### Exercise requirements
Copy task for the material below: print the line with "Bên cạnh đó" and every line after it to the end, exactly as written, without the pictures.
[Input data — start]
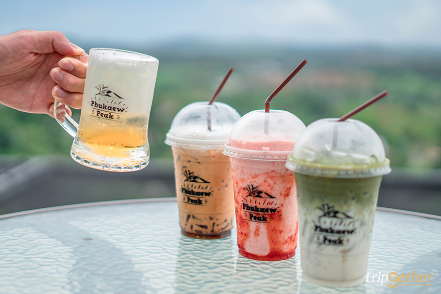 ภูแก้วพีค คาเฟ่ คาเฟ่แห่งนี้ตั้งอยู่บนเนินเขาเป็น 1 ในโซนท่องเที่ยวของ ภูแก้ว รีสอร์ท ที่พักบรรยากาศดีในอำเภอเขาค้อ ซึ่งถือเป็นคาเฟ่ที่มีวิวสวยเป็นอันดับต้นๆ ของจังหวัดเพชรบูรณ์ นอกจากนี้ยังมีบริการเครื่องดื่มและของทานเล่นให้เลือกซื้อมากมาย เช่น บัตเตอร์เบียร์ สุพรีมมัทฉะลาเต้ สตอรว์เบอร์รีสมูทตี้ ไส้กรอกชีส ไส้กรอกพริก ไส้กรอกรมควัน ไก่ป๊อปและไก่กรอบ พอท้องอิ่มก็มาต่อกันที่มุมถ่ายรูป ซึ่งที่นี่นอกจากวิวเขายังมีโซนให้เดินเล่นอยู่ด้านบน ซึ่งจะมีมุมไฮไลท์คือหัตถ์พระเจ้า จุดชมวิวรูปมือขนาดใหญ่ที่ยื่นออกไปตรงเนินเขา บอกเลยว่าปัง เช็คอินแล้วเก๋แบบไม่ซ้ำใครแน่นอน
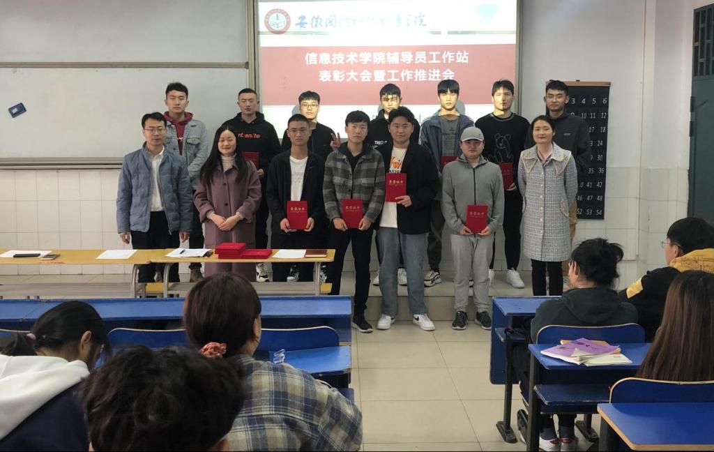 本网讯(信息技术学院 黄双河)信息技术学院于4月2日在2号教学楼105教室召开信息技术学院辅导员工作站表彰大会暨新学期工作推进会。学院党总支副书记杨庆颖、辅导员马士君、黄双河、孙颖凯和参与工作站的70多名同学共同参加了此次会议。
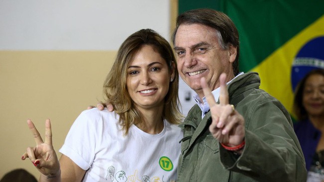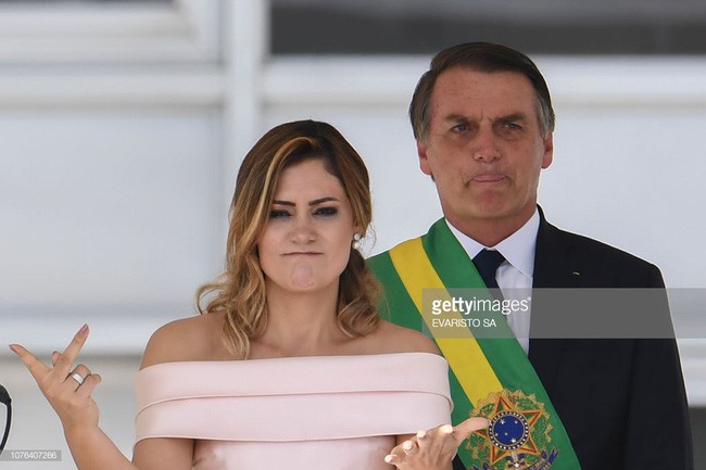 Bên cạnh đó Đệ nhất phu nhân mới của Brazil, bà Michelle Bolsonaro thu hút ống kính truyền thông nhờ vẻ đẹp rạng rỡ cùng gu ăn mặc tinh tế. Đặc biệt, mối tình giữa bà với người chồng cách nhau 25 tuổi đã trở thành đề tài thu hút dư luận.
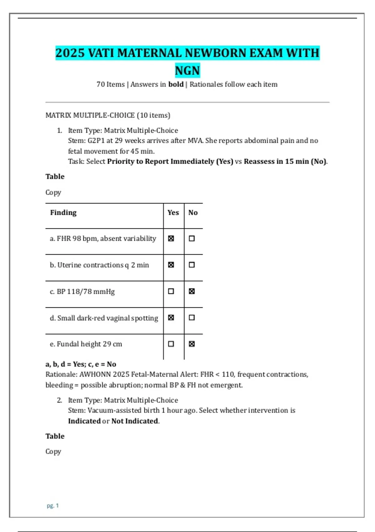 Stem: Vacuum-assisted birth 1 hour ago. Select whether intervention is
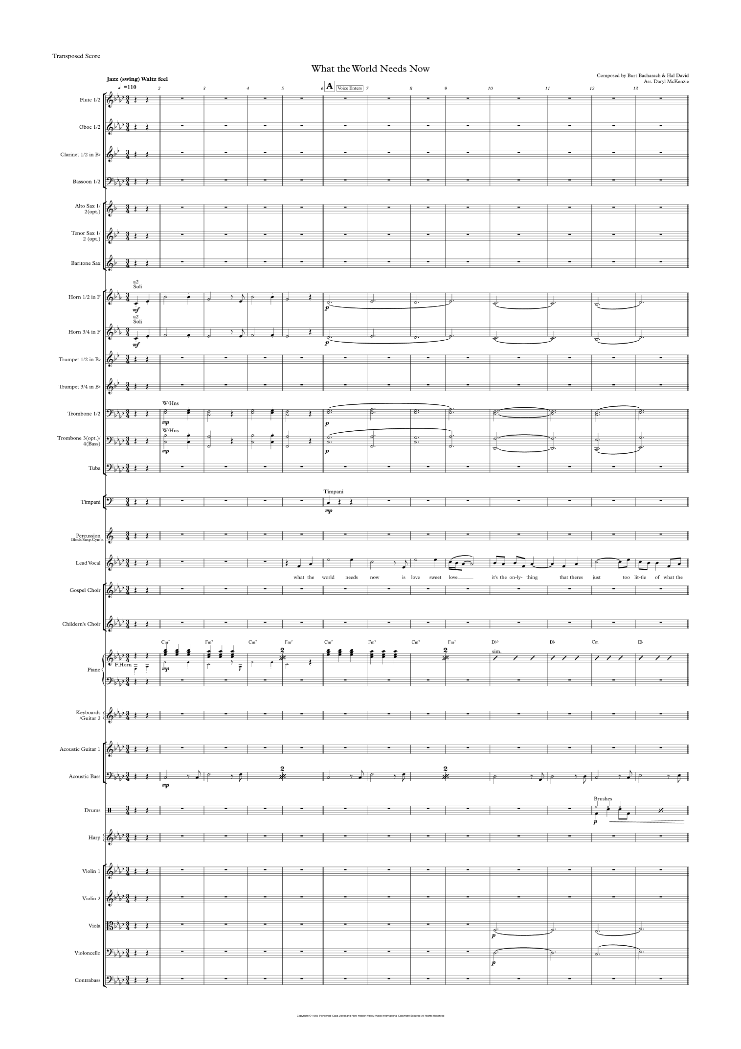 A moving orchestral arrangement of Burt Bacharachs timeless song What the World Needs Now Is Love, scored for Vocal with Choir (Childrens Choir, Gospel Choir, or standard Choir) and full Pops Orchestra. This version captures the warmth and expressive depth of the original while adding lush symphonic color, making it ideal for concert halls, gala events, or community celebrations.
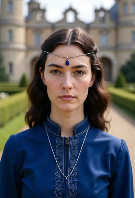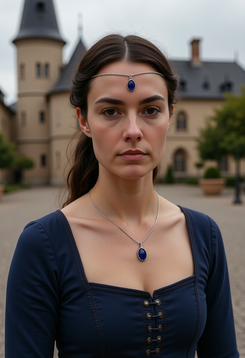 “一位女性佩戴着kesiera,一条精致的银链,中央悬挂一颗小蓝宝石置于额前”
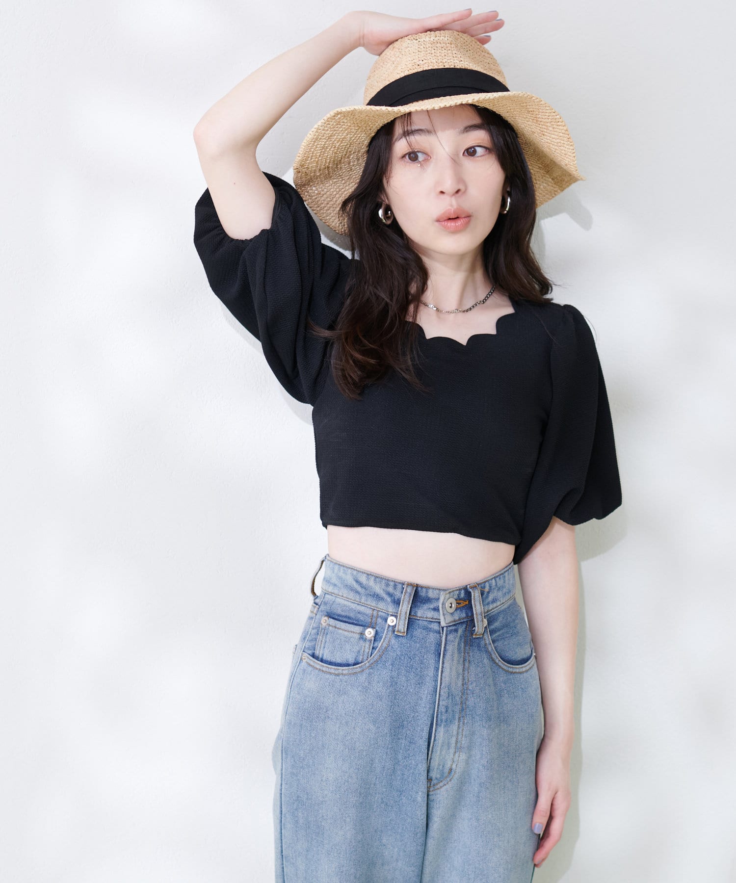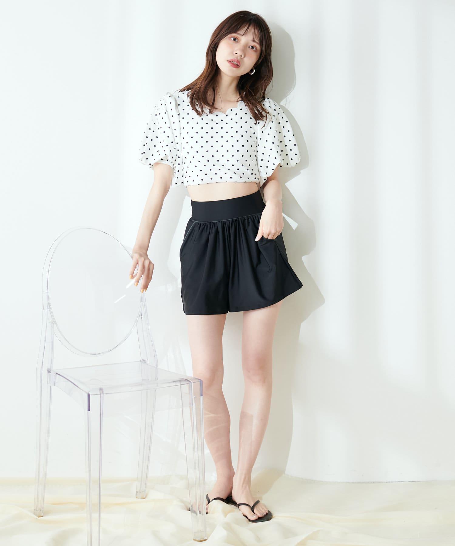 【水着】スカラップネックボリュームスリーブトップス+ボトムSET
[Input data — finish]
### Solved problem
 Bên cạnh đó Đệ nhất phu nhân mới của Brazil, bà Michelle Bolsonaro thu hút ống kính truyền thông nhờ vẻ đẹp rạng rỡ cùng gu ăn mặc tinh tế. Đặc biệt, mối tình giữa bà với người chồng cách nhau 25 tuổi đã trở thành đề tài thu hút dư luận.
 Stem: Vacuum-assisted birth 1 hour ago. Select whether intervention is
 A moving orchestral arrangement of Burt Bacharachs timeless song What the World Needs Now Is Love, scored for Vocal with Choir (Childrens Choir, Gospel Choir, or standard Choir) and full Pops Orchestra. This version captures the warmth and expressive depth of the original while adding lush symphonic color, making it ideal for concert halls, gala events, or community celebrations.
 “一位女性佩戴着kesiera,一条精致的银链,中央悬挂一颗小蓝宝石置于额前”
 【水着】スカラップネックボリュームスリーブトップス+ボトムSET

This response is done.